The number one rule of weight loss (catalogued elsewhere in the slog) is "never be hungry". Hunger activates deep psychological and physiological processes. You need to eat more to lose weight......but what bodybuilders call "clean" foods. No simple carbs, animal fats, sugar, fried stuff, processed food. Strip all that away and it's hard to eat 2000 calories per day without feeling like a foie gras goose. Also: balance carb/protein/fat at every meal.

Jon Lieb said...

It's certainly a reasonable strategy. It gets much harder if alcohol is involved.

Jim Leff said...

That's because we use alcohol to reframe. It's one of a very few available means to change the channel when you've forgotten you own - in fact you *are* - the remote control.

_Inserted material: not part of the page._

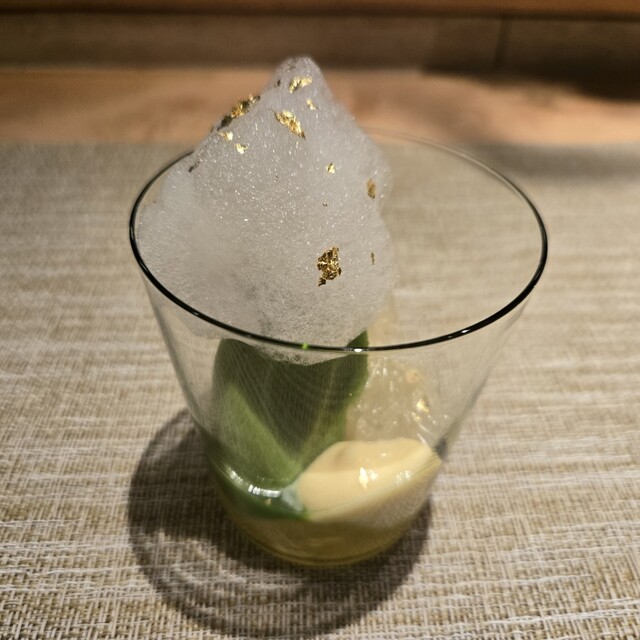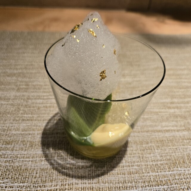 水晶文旦とミントのアイス、桂花陳酒のゼリー、文旦とレモンの泡とさっぱりと美味しく楽しませていただきました(・∀・)イイネ!!

At a higher frame of perspective, alcohol is just more yadda yadda - part of the show, not a magical remote control. That recognition is instant and easy, but if you're stubbornly clutching that remote control and jamming your fingers on the buttons, you're going to miss the fact that it's just a cheap shoddy fill-in for a power you've always held.

Display Name said...

I really like the never be hungry comment Jim. I have seen and also been involved in miserable arguments with people who are simply hungry. I have even muttered in my own head that is just the hunger talking. It's like being hungry can lead to grouchiness. In self defense I ask Conan have you eaten anything today? If he snarls something like you're not my mother I know to run! And thirst! People around here Still get nasty dehydration headaches. Makes them fun to be around.